Such Small Hands by Andres Barba | Books

Such small hands by Andres Barba

Rabeea Saleem reviews Andres Barba’s Such Small Hands, a novel at once eerie and profound, adeptly translated into English by Lisa Dillman.

Rarely does a book come that only captures perceptual reality with such vigorous insight but also gives it a terrifying spin. Such Small Hands by Spanish writer Andres Barba, does just that. Translated lucidly by Lisa Dillman, the story is simple with echoes of folklore. Marina is the sole survivor of an accident that instantly kills her father and later on, her mother at the hospital. She has rote-learned these lines and recites them in flat affect. Barba shrewdly depicts how effortlessly children learn to put on a facade in front of adults. Marina mimics speaking in the monotone that she has seen adults use around her, which is devoid of any sort of depth or emotion.

Lips pronounce them without stopping. Quick, dry words. They come in thousands of different, unpredictable ways, sometimes unbidden. Suddenly they just fall, as if onto a field. Marina’s learned to say them without sadness, like a name recited for strangers, like my name is Marina and I’m seven years old.

Her psychologist gives her a life like doll as a companion after her release from the hospital which she also names Marina. She is placed in an orphanage where the tragedy that she has gone through marks her as an outsider in the eyes of the other girls who view her with curiosity and suspicion. They are wary of her and have trouble understanding her. She has externalised all her sorrow in her adoration of the doll which unsettles the girls who live a regimented life in the orphanage and feed off each others loneliness. Marina is self-contained and does not need anyone else than her doll which infuriates the girls. It agitates and riles them that she is so far beyond their reach.

Marina is clearly grieving but is at that age where she has not yet found the vocabulary to express it which makes her desolation all the more raw. The fluid prose dismantles the well formed conventions of grief, focusing instead in giving delirious form to the chaotic mass of emotion Marina carries around with her.  She is not yet equipped to give edges and angles to her emotions so fittingly, her experiences are related in a hallucinatory manner. She is at the precarious stage between denial and realisation where she has an inkling of the loss that she has experienced but has still not fully grasped the crushing finality of death. She is yet to be hit by that overpowering realisation and until then, she is walking around in a haze, all the while aware of the looming truth in her periphery.
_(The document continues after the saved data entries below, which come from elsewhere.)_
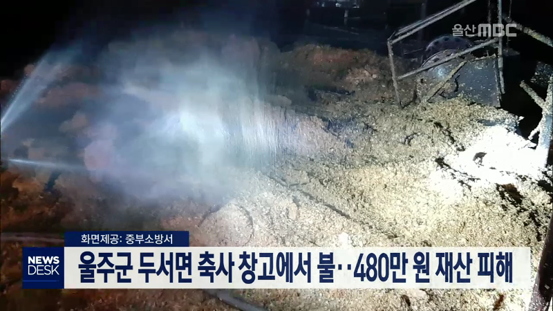오늘(1/13) 새벽 4시 10분쯤 울주군 두서면 복안리의 한 축사 창고에서 불이 나 창고 면적 약 95제곱미터와 소 2마리 등을 태워 소방서 추산 480만원의 재산 피해를 내고 1시간 40분만에 꺼졌습니다. 소방당국은 축사 창고 지붕에서 불이 시작된 것으로 보고 화재 발생 경위를 조사하고 있습니다. //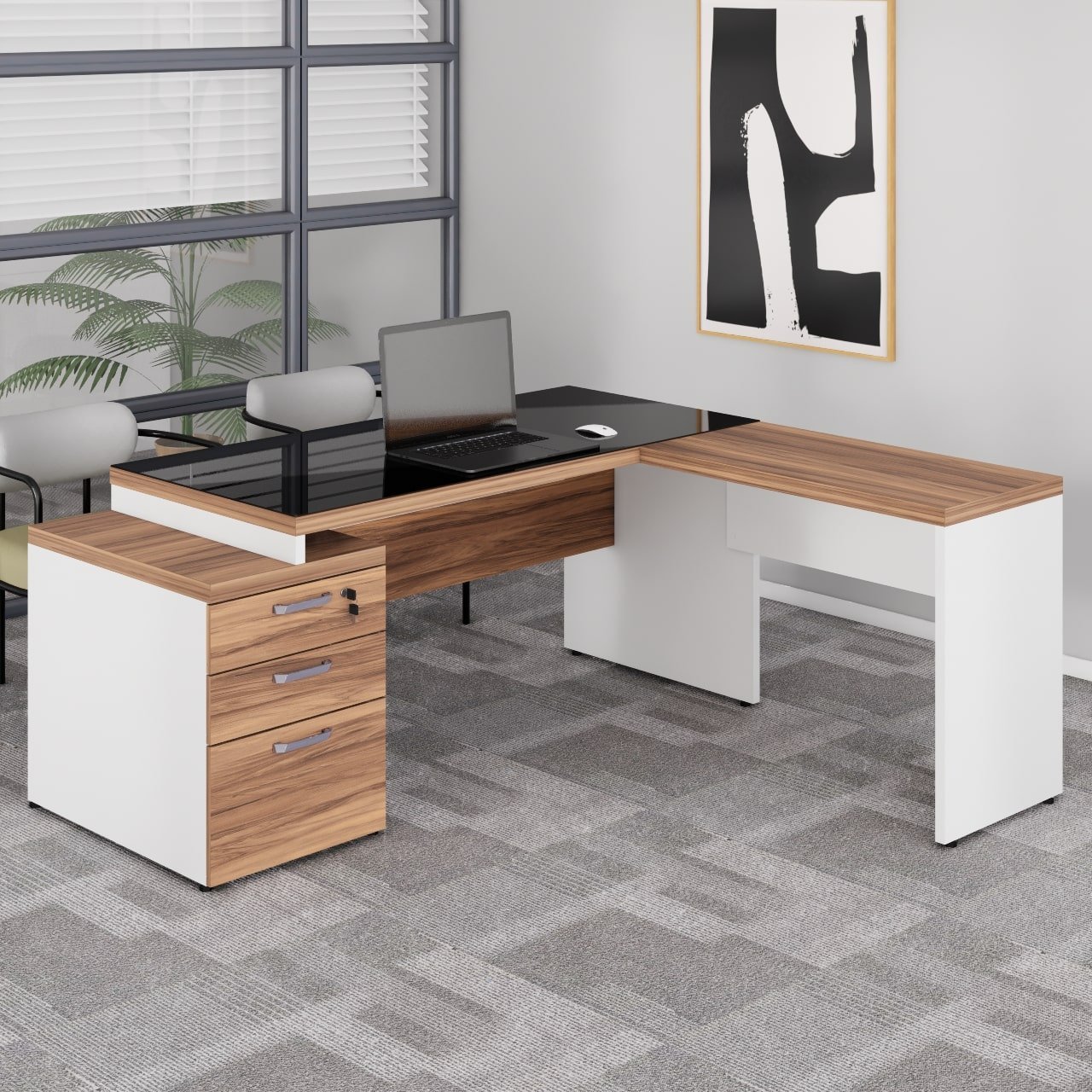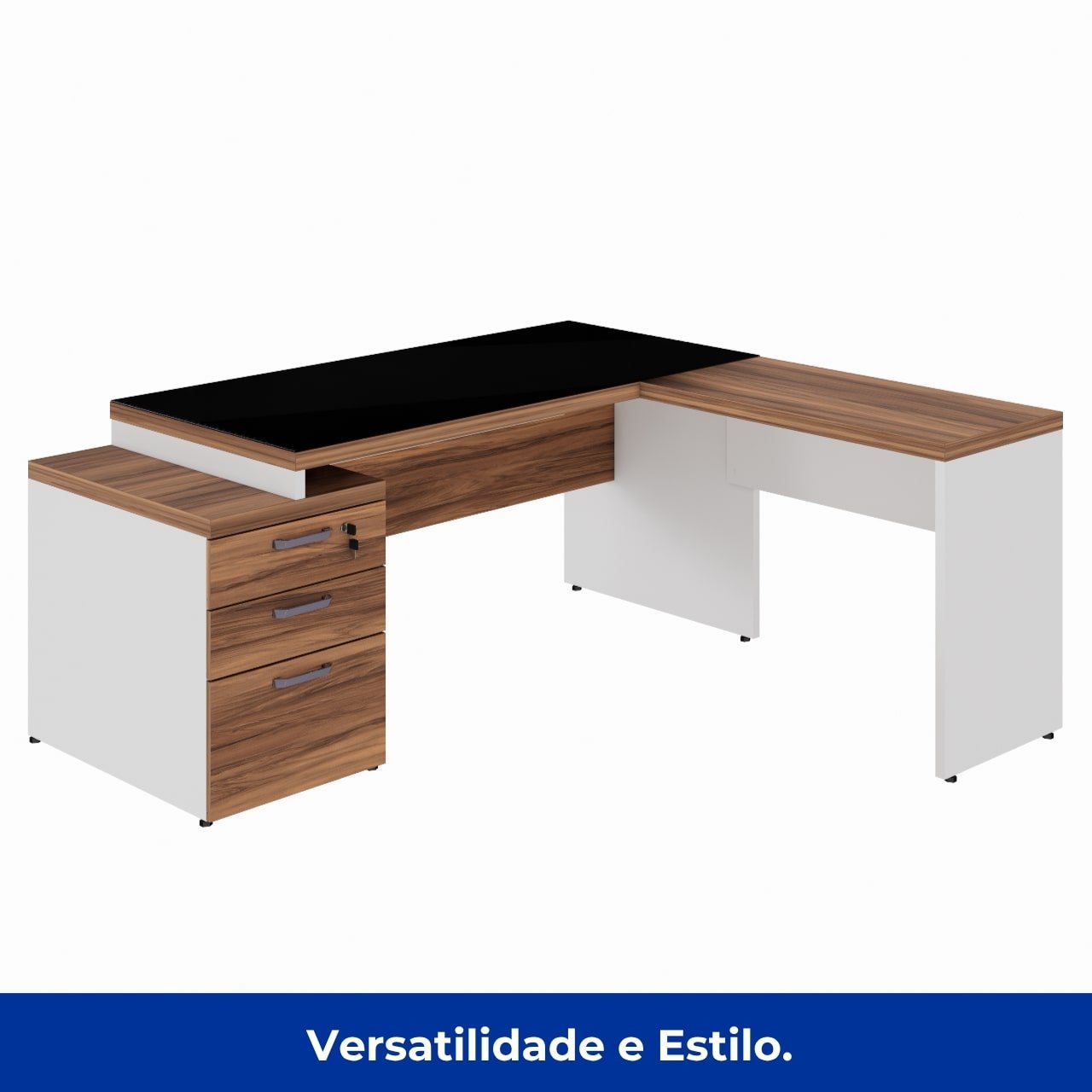 Mesa para Escritório em “L” com VIDRO FUMÊ – 1,92X1,60M NOGAL SEVILHA/BRANCO – 34432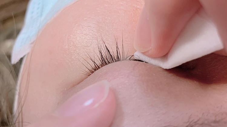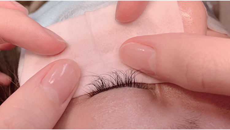 5) 移除化妝棉/眼膜,並使用植睫專用睫毛清潔片清潔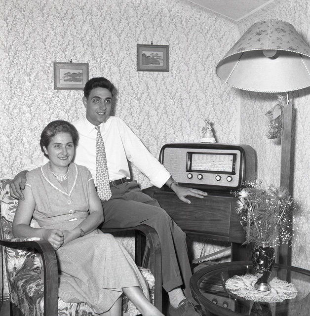 Madre e figlio ritratti in salotto vicino al radio e giradischi o mentre telefonano consultando la guida telefonica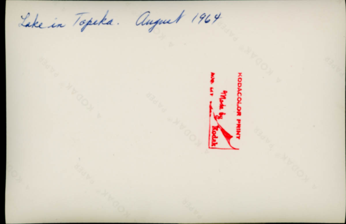 Handwritten label on back says "Lake in Topeka. August 1964" - Date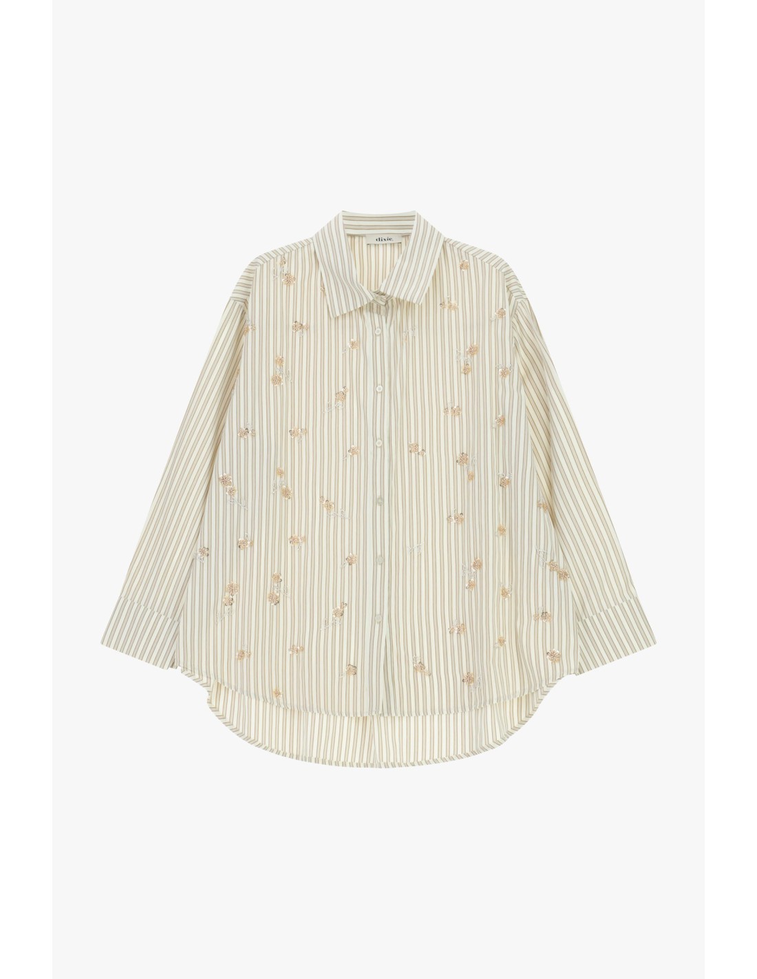 Camisa Oversize Às Riscas Com Bordados Florais Dixie

Barba’s writing is so intricate and metaphorical which gives the sparse narration an ominous undertone.

Such Small Hands viscerally evokes the loneliness and emotional detachment of kids at an orphanage. The girls in this story are starving for attention. Marina, with her doll as her constant companion and her grief as a black cloud over her, fascinates them. The girls form a single unit in the narrative and are narrated in a Greek chorus style. This serves to prove two functions in the story. It establishes Marina as  the outsider who is viewed with animosity and at times, vague interest. It also demonstrates the dynamics between the orphanage girls and Marina. They often gang up on her even though Marina’s obliviousness makes them envious.

They are in such awe of Marina and her peculiar ways that when she suggests that they play an absurd ‘living doll’ game, they readily agree. They are yearning to be adored so much so that they happily surrender to becoming dolls, trading off their humanness to turn into a lifeless, inanimate object of affection. It bleakly shows what the depravity of love and affection can do to children and their vulnerable psyche. This innocuous game has appalling consequences for Marina, which is made creepier by the fact that the incident is inspired by real events.

The eerie horror in this book is magnified by the girls’ naivety. Their malevolent acts are without any motives and driven purely by their instincts. They are not yet aware of metacognition which adds an ambiguous dimension to the story. Barba’s Such Small Hands is a slim sinister novella but packs a lot more ferocious intensity than books double its size. Twisted and unnerving, it gives a psychologically acute peek into the minds of little girls.

Such Small Hands is published by Portobello Books on 3rd August 2017.